During South Africa’s apartheid era, having a child out of wedlock was considered a taboo. Such a child would thus face many roadblocks—particularly if she were black and female. This was what Thandeka Mazibuko had to overcome from a young age; her mother’s meager salary as a domestic worker made life even more challenging. “My village [Kwanyuswa] had not seen a medical doctor; therefore, I had no role models. I was that girl who came home and cooked for the whole family, [who] fetched water from the river and wood from the forest. We had no shoes at times, as my mother was struggling as a single parent,” explained Mazibuko, who is now an influential oncologist.
Because of a strong belief in education, Mazibuko’s mother enrolled her in school and encouraged her to choose a bold path through which she could set an example for all the young girls who came after her.
Mazibuko became the first in her family to be literate, but she did not stop there, becoming “the first indigenous Black to enter the field of radiation oncology in [KwaZulu-Natal Province], South Africa” She faced prejudice there, being called “a monkey [who] didn’t deserve an education.” She continued, “I was harassed by White and Indian doctors; they called me names daily.”
Her journey was often dark; for instance, Mazibuko was once denied access to a research program at the University of KwaZulu-Natal. However, her resilience eventually paid off, as she is now one of the most celebrated medical practitioners in South Africa.
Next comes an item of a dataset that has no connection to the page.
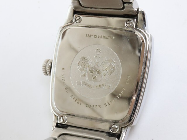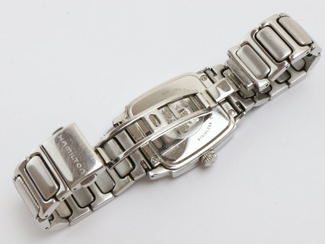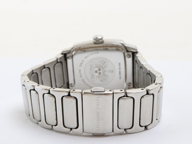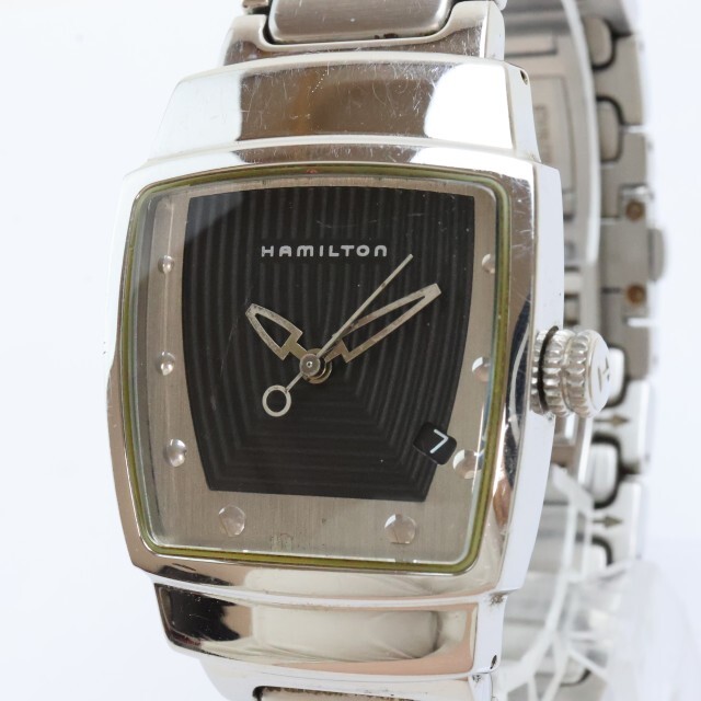 商品説明 | 当商品をご覧いただきありがとうございます。 ハミルトンのクオーツ式腕時計になります。 日付機能が付いているお品になります。 純正のベルトになります。 電池交換済ですので末永くお使いいただけます。 サイズ | ケース径 よこ(リューズ含まず) 上部約30mm、下部約28mm | 厚み 約9mm ベルトの内周 長さ・最大 約cm 状態 | 動作品になります。 | 使用に伴う小傷があり、ベルトに使用感があります。 針に変色があります。(画像あり) 文字盤、背面に汚れがあり、風防、ケース、裏蓋にスレがあります。(画像あり) 状態は画像を参考にお願いします。 付属品 | 本体 | |

Mazibuko’s grandmother died due to limited access to basic health care; after this tragic event, Mazibuko vowed to dedicate her time and energy to preventing situations like this from happening. With this goal, she founded Sinomusa Nothando Community Development Inc., an organization that operates around the world, providing essential health care services to underrepresented populations in the Global South.
Through this organization, Mazibuko champions health care around the world, and her work has been quite impactful. She was honored as an Oprah Heroine in 2010, as a KwaZulu-Natal Business Woman of the Year in 2012, and as one of the Prominent Women of Africa in 2013. She was also a finalist in the 2014 Standard Bank Rising Star competition.
Mazibuko currently works in the Department of Radiation Oncology at New York’s Montefiore Medical Center. She is also seeking support to ensure the successful implementation of a rural hospital project. This project is inspired by her upbringing, when she saw the lack of a functional hospital in her village result in untold deaths of poor residents. She refuses to rest until everyone has access to high-quality health care.